A 15.ª edição do Festival Internacional de Cinema de Lisboa — IndieLisboa começa hoje, em várias salas da capital portuguesa, com uma programação que abre e encerra com filme portugueses e conta com quase 50 obras nacionais.

“Abrir o festival com um filme português e fechar com um filme português é obviamente uma declaração de amor ao cinema português e uma chamada de atenção para a necessidade de preservar este ecossistema do cinema português, naquilo que tem de mais autónomo, mais livre, mais independente, como o festival”, afirmou um dos diretores do IndieLisboa, Nuno Sena, à agência Lusa.
O festival abre hoje com ‘A Árvore’, ficção de André Gil Mata rodada integralmente na Bósnia-Herzegovina e que também integra a competição nacional, e encerra a 06 de maio com ‘Raiva’, de Sérgio Tréfaut, a partir do romance ‘Seara de vento’, de Manuel da Fonseca.

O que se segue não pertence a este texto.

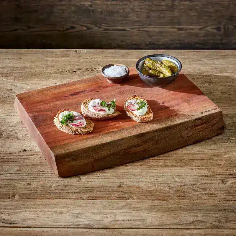 Die soliden Arbeits- und Servierbretter entstehen aus 5 cm starker Akazie aus nachhaltigem Anbau. Die schöne Optik, angenehme Haptik und hohe Widerstandsfähigkeit machen das Küchenbrett zu einem treuen und langlebigen Begleiter.

Segundo Nuno Sena, o IndieLisboa tenta ser, a cada edição, “um retrato do ano cinematográfico em curso, mostrando produções inéditas em Portugal”.
“A nossa responsabilidade em relação ao cinema português é a de ser o primeiro momento de nascimento público destes filmes e tentar projetá-los para o público nacional, mas também para um potencial percurso internacional”, sublinhou.
Além de ‘A árvore’, a competição portuguesa de longas-metragens contará com os filmes ‘Tempo Comum’, de Susana Nobre, ‘Our Madness’, de João Viana, ‘Mariphasa’, de Sandro Aguilar e ‘Bostofrio, où le ciel rejoint la terre’, de Paulo Carneiro.
A competição de curtas-metragens contará com 16 filmes, entre os quais ‘Anjo’, estreia do ator Miguel Nunes na realização, ‘Russa’, de João Salaviza e Ricardo Alves Jr., ‘Sleepwalk’, de Filipe Melo, ‘Self destructive boys’, de André Santos e Marco Leão, e ‘Amor, Avenidas Novas’, de Duarte Coimbra, já selecionado este ano para Cannes.
Este ano, o IndieLisboa mostrará 245 filmes. A ambição é ‘tentar fazer uma súmula do que parece mais relevante, mais original, mais inovador’, disse Nuno Sena.
Da programação, destaque para as retrospetivas dedicadas à realizadora argentina Lucrecia Martel, que estará em Portugal para apresentar o mais recente filme, ‘Zama’, e ao realizador francês Jacques Rozier, 91 anos, uma das primeiras figuras da ‘Nouvelle Vague’.
O IndieLisboa decorrerá no Cinema São Jorge, na Culturgest, na Cinemateca e no Cinema Ideal, mas terá também programação na Biblioteca Palácio Galveias e na Casa Independente.